Solving the 3D wave equation, we use the (inverse) Fourier Transform like that: \begin{equation} f(\mathbf{x},t) \propto\int_\mathbb{R}\int_{\mathbb{R}^3} e^{i(\mathbf k \cdot \mathbf x - \omega t)} \widehat f(\mathbf k,\omega)\ \mathrm d^3k\,\mathrm d\omega \end{equation} where $f$ is such that the (inverse) FT is well-defined and $\widehat f$ is the Fourier transformed of $f$ in both space and time.
Why can I not use $i(\mathbf k \cdot \mathbf x + \omega t)$ in the exponent instead?

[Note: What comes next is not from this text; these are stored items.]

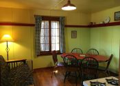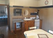 The TV is in the queen bedroom. There is also a single sofa-bed/love seat in the living room/kitchenette area. This area features gas log fireplace, a kitchenette with microwave, electric skillet, chef’s pot for boiling or slow cooking, toaster, coffee maker and under counter refrigerator. A table, four chairs, and a rocker complete the room.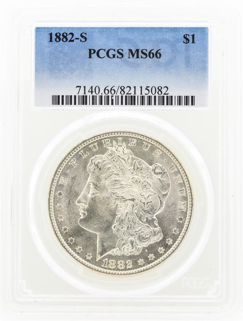 One 1882-S MS66 Morgan Silver Dollar.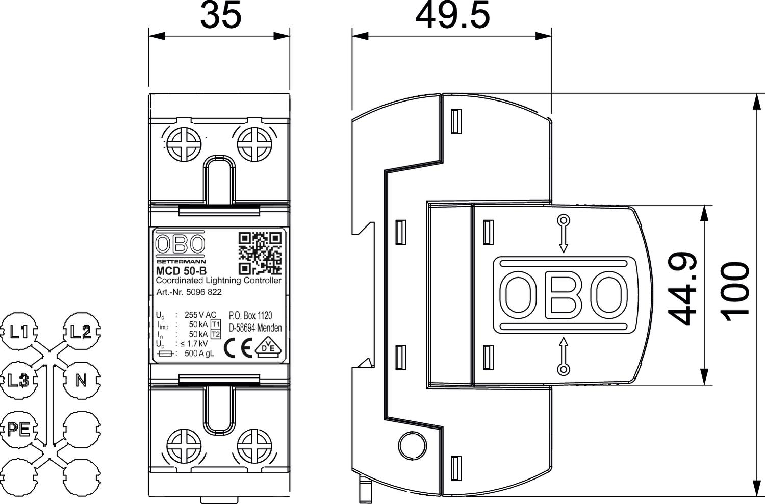 • 每极放电电流 50 kA (10/350),总计可达 150 kA (10/350)

A physical answer would be that in special relativity, we use the Minkowski metric $g=\mathrm{diag}(-1,1,1,1) $ and integrate over the four-dimensional Minkowski spacetime, so the exponent comes from the Minkowski inner product: \begin{equation} i(x^\mu k_\mu) = i(x_1k_1+x_2k_2+x_3k_3-\omega t) \end{equation} This is equivalent to our exponent.
However, people did Fourier integrals like this one before special relativity was a thing. What was their (more mathematical?) reason to choose the signs like that?
Thanks in advance!
I think I figured it out myself.
Mathematically, it does not matter if we use $i(\mathbf k \cdot \mathbf x -\omega t)$ or $i(\mathbf k \cdot \mathbf x +\omega t)$. But it is indeed true that people used a different relative sign for the $\mathbf k$ and $\omega$ terms in the exponent before special relativity and the Minkowski metric. But they still knew that looking at a physical wave propagating in one direction with velocity $c$ at time $t=t_0$ is equivalent to looking at a wave shifted in the opposite direction by $ct_0$ for $t=0$. \begin{equation} r = r_0+ct_0 \iff r - ct_0 = r_0 \iff \tilde r = r_0 +c\tilde t_0 \end{equation} where $\tilde r := r-ct_0$ and $\tilde t_0 = 0$.
So while using the exponent $i(\mathbf k \cdot \mathbf x +\omega t)$ is giving a mathematically valid solution, it is not a solution for physical time $t$, but for a universe where time goes backwards. The direction of time is also included in the Minkowski metric, which is why the explanation using Minkowski space works, too.
I hope that makes sense to anyone having the same question.